Literature DB >> 12581329

Increased expression of cytotoxic effector molecules: different interpretations for steroid-based and steroid-free immunosuppression.

Thomas Satterwhite1, Mei-Sze Chua, Szu-Chuan Hsieh, Stella Chang, John Scandling, Oscar Salvatierra, Minnie M Sarwal.   

Abstract

Cytotoxic T lymphocyte (CTL) effector molecules have been studied as markers of acute rejection in renal allograft recipients on steroid-based immunosuppression. We hypothesized that basal CTL gene expression may vary with time post-transplantation as well as with different immunosuppression protocols (steroid-based or steroid-free). Variations in CTL gene expression may thus impact on the ability to predict acute allograft rejection.
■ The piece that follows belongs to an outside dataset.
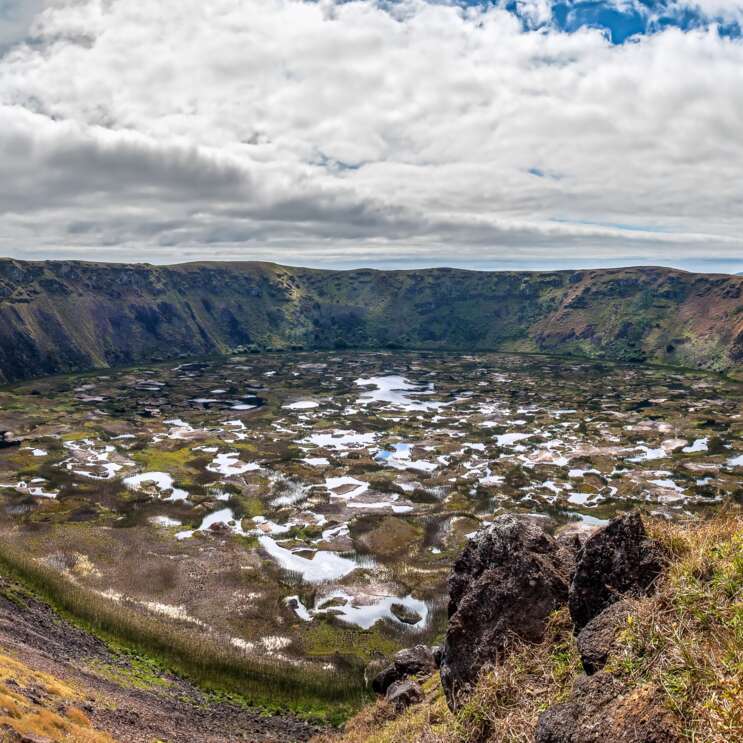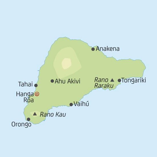 Cette excursion vous conduit au volcan Rano Kau. Au sommet de cet impressionnant volcan s’élève l’ancien site cérémoniel d’Orongo. C’est ici qu’avait lieu le combat de l’homme-oiseau qui occupait une importante position spirituelle et politique sur l’île. Depuis le point de vue du volcan, vous jouissez d’une vue fantastique sur une grande partie de l’île et le cercle parfait du lac du cratère. L’après-midi, vous visitez le site d’Ahu Akivi, le seul sanctuaire érigé à l’intérieur des terres. En outre, c’est le seul endroit où les moais ont le regard tourné vers l’océan, en direction des îles Marquises.

We used the non-invasive method of quantitative competitive-reverse transcription-polymerase chain reaction (QC-RT-PCR) to quantify the amounts of CTL effector molecules (granulysin, GL; perforin, P; granzyme B, GB) in serial peripheral blood lymphocyte (PBL) samples from steroid-free and steroid-based adult and pediatric renal allograft recipients. Patients on both protocols were clinically monitored by protocol biopsies at 1, 3, 6, and 12 months post-transplantation and for graft function at 1 yr post-transplantation in a separate clinical study. Steroid-free patients with stable graft function showed an increase in GL, P, and GB gene expression over time post-transplantation with the increase being seen largely by the first post-transplant month. A further increase in GL expression was noted at the end of the first post-transplant year in the absence of acute rejection, whereas GB and P levels were unchanged. At comparative time-points post-transplantation, CTL genes were found to be higher in steroid-free patients with stable graft function, compared to steroid-based recipients with either clinically stable graft function or acute rejection. This study suggests that levels of CTL gene expression, although important in a steroid-based regimen to monitor the risk of acute rejection, may not be similarly applied in patients on steroid-free immunosuppression. The early increase in levels seen in steroid-free patients appears to correlate with the total absence of steroids. As steroid-free patients seem to have a lower incidence of acute rejection and better long-term graft function at 1 yr, the early increase in CTL genes in the absence of acute rejection may suggest an early adaptive immune activation response, promoting early graft acceptance in this protocol.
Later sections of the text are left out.